WORK INSTRUCTION -> In the entries that follow, find the line containing "多模态学习旨在整合来自不同模" and the line containing "The AutoAqua Smart", then retype exactly the lines from the first through the second, pictures excluded.

DATA TO PROCESS ->
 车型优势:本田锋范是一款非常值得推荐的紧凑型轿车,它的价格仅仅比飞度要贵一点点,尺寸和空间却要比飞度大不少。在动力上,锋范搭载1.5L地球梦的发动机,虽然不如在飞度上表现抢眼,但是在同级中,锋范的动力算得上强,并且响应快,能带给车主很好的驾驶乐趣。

...

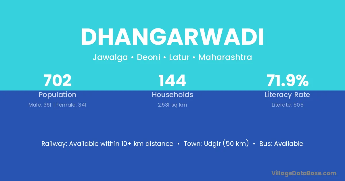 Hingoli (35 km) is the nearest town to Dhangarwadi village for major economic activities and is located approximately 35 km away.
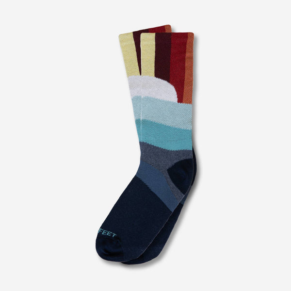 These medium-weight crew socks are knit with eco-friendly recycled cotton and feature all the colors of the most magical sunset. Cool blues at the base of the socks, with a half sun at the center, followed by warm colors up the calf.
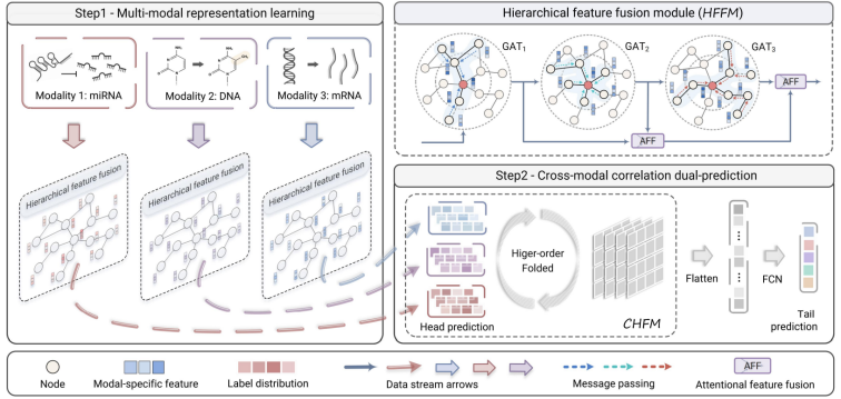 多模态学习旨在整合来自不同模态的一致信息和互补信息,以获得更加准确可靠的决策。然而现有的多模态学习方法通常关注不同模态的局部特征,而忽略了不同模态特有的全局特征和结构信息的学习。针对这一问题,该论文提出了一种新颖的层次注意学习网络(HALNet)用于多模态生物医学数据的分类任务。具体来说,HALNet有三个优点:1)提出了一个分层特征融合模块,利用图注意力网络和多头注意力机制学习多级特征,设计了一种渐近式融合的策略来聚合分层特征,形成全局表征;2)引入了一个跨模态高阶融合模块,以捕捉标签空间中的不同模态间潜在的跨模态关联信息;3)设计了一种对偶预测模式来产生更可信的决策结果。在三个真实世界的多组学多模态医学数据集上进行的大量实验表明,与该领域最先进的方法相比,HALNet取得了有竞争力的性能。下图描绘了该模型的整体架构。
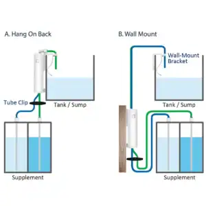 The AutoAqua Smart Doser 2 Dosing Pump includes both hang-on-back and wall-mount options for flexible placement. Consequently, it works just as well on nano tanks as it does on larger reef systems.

...

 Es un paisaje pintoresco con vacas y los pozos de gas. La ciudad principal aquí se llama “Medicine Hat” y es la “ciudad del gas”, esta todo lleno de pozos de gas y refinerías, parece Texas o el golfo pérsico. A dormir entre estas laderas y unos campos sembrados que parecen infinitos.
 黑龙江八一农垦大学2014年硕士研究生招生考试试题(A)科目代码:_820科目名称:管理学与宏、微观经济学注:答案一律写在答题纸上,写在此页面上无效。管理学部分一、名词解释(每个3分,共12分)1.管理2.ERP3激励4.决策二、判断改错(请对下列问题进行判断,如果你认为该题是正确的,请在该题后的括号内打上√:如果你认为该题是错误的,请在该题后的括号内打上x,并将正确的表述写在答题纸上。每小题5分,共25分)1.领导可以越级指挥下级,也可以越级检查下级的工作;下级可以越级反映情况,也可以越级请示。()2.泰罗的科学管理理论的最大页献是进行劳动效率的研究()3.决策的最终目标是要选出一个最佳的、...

SOLUTION BELOW ->
 多模态学习旨在整合来自不同模态的一致信息和互补信息,以获得更加准确可靠的决策。然而现有的多模态学习方法通常关注不同模态的局部特征,而忽略了不同模态特有的全局特征和结构信息的学习。针对这一问题,该论文提出了一种新颖的层次注意学习网络(HALNet)用于多模态生物医学数据的分类任务。具体来说,HALNet有三个优点:1)提出了一个分层特征融合模块,利用图注意力网络和多头注意力机制学习多级特征,设计了一种渐近式融合的策略来聚合分层特征,形成全局表征;2)引入了一个跨模态高阶融合模块,以捕捉标签空间中的不同模态间潜在的跨模态关联信息;3)设计了一种对偶预测模式来产生更可信的决策结果。在三个真实世界的多组学多模态医学数据集上进行的大量实验表明,与该领域最先进的方法相比,HALNet取得了有竞争力的性能。下图描绘了该模型的整体架构。
 The AutoAqua Smart Doser 2 Dosing Pump includes both hang-on-back and wall-mount options for flexible placement. Consequently, it works just as well on nano tanks as it does on larger reef systems.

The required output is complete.